They even use both together in some places.

Where did you get that idea?

------
rayvy
I too started w/ web dev (PHP and HTML (so funny to think about those first
days starting out)), but ended up moving to the backend (Apache Suite) for my
current job, and took up lower level programming from there, so here's my 2
cents.

#1 - throw out the "systems engineer" title. It's ambiguous, can't really be
_achieved_ , and I've seen guys out there who are actually Systems Engineers
(in job title) who are so good that it's almost sickening - makes me want to
quit. So first, get rid of the title.

#2 - Learn a low-level language. You seem to be already doing this (I'm a RUST
guy myself). Here you'll probably see (if you haven't already), that there's a
focus/efficiency that isn't _necessary_ for CRUD apps (e.g., passing
references, using as little memory/cpu as possible, etc). But that's kind of
what I like about lower languages, you get almost intimately close to the
machine and understand on a completely different level that a web dev.

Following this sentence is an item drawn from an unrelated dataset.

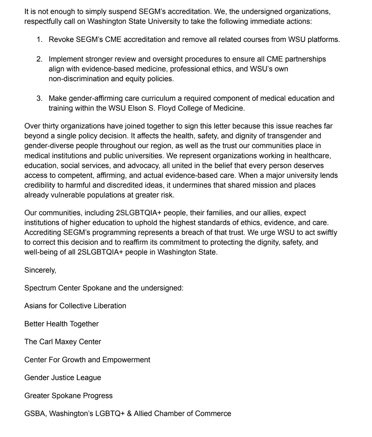 Among the group’s demands is a mandatory gender-affirming care curriculum for medical students and “stronger review and oversight procedures to ensure all CME partnerships align with evidence-based medicine, professional ethics, and WSU’s own non-discrimination and equity policies.”
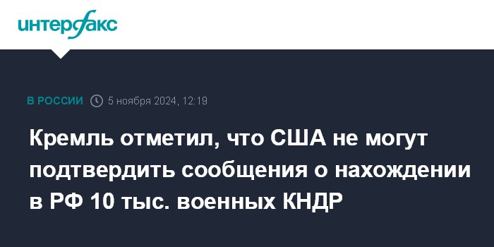Кремль отметил, что США не могут подтвердить сообщения о нахождении в РФ 10 тыс. военных КНДР

#3 - And this is something I'm still dealing with: switch your dev mind from
higher-level web work, to lower level work. What do I mean? Well a lot of
times in web dev, you're building at the application level (e.g., CRUD apps).
However, I'm noticing for a lot of lower-level programming, you're building
_beneath_ the application level. I'm working on a load balancer at the moment,
which isn't really a part of the _application_ , but kinda sits underneath it.
The thing about lower-level dev work is that it's not really the show-boaty
type of thing that a React can be (oh look at my shiny UI). And in my opinion,
it doesn't get celebrated like it should have. I have SO much more respect for
lower-level guys, after jumping into that world.

TLDR; systems engineer title is ambiguous, learn a solid low-level language
and stick with it, reframe your thinking when it comes to designing/planning
what you build